[Opening Collected material section]

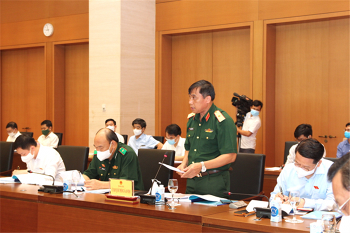 Tư lệnh CSCĐ Phạm Quốc Cương trình bày tờ trình tại phiên họp.
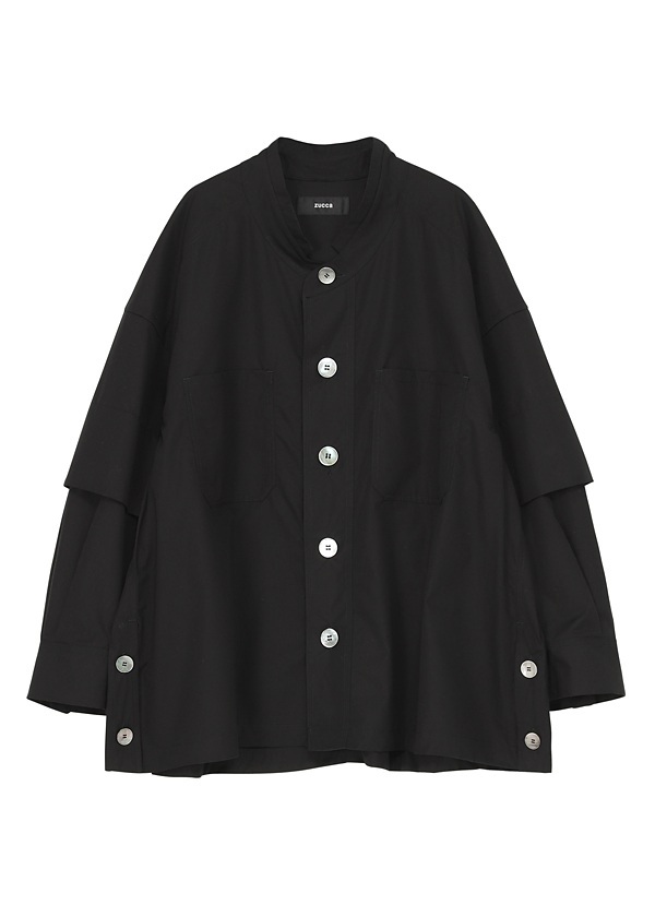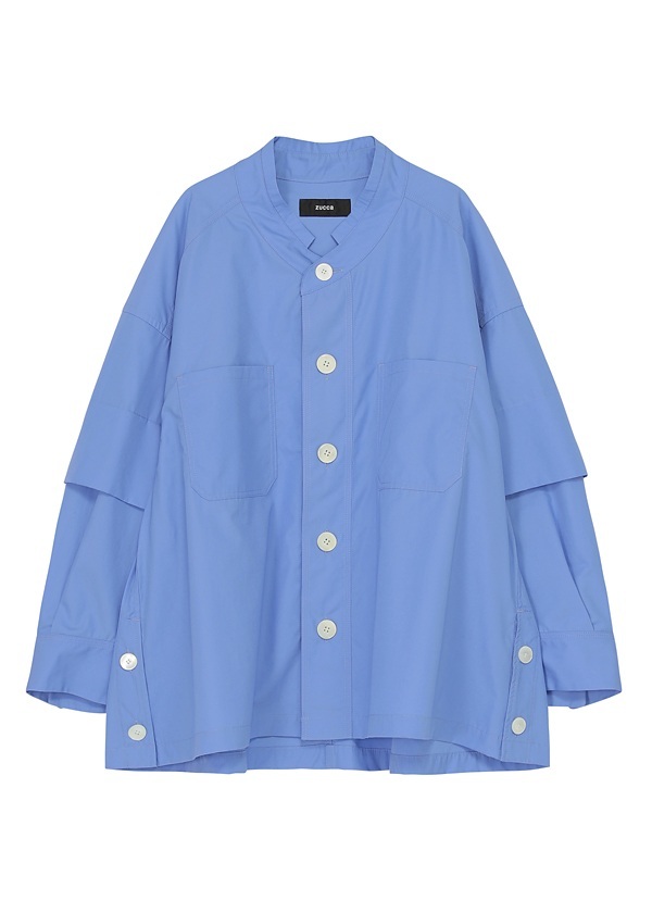 -ビッグサイズのデザインシャツで、台衿に小さな襟羽や二重仕立ての袖など、ZUCCaらしいディテールを随所に配置
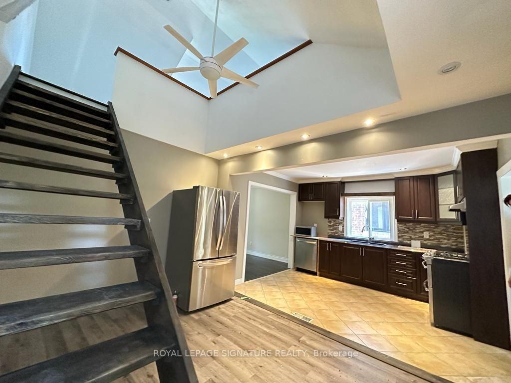 Welcome to this exquisite main floor of a charming house. Step into a beautiful open concept living and dining space with 1 bedroom on the main floor, 1 den and 1 loft- styled bedroom upstairs; creating a unique and captivating living space. Modern kitchen with sleek stainless steel appliances (fridge, stove, dishwasher) ensuring stylish and functional cooking space. The washer and dryer are shared with the basement unit. Parking is available on the street. Located near UP Express (get to Union Station in 35 mins) and public transit (upcoming LRT is a 10 min walk). Extras:SS Fridge, SS Dishwasher, SS Oven, SS Microwave, Upper tenant pays for 60% of all utilities. Washer/Dryer in Basement.

[Closing Collected material section]

◆ **What this task involves**:
Would you reproduce the lines above, from the very first through the line containing "-ビッグサイズのデザインシャ", exactly and without the pictures?

◆ **Solved exercise**:
 Tư lệnh CSCĐ Phạm Quốc Cương trình bày tờ trình tại phiên họp.
 -ビッグサイズのデザインシャツで、台衿に小さな襟羽や二重仕立ての袖など、ZUCCaらしいディテールを随所に配置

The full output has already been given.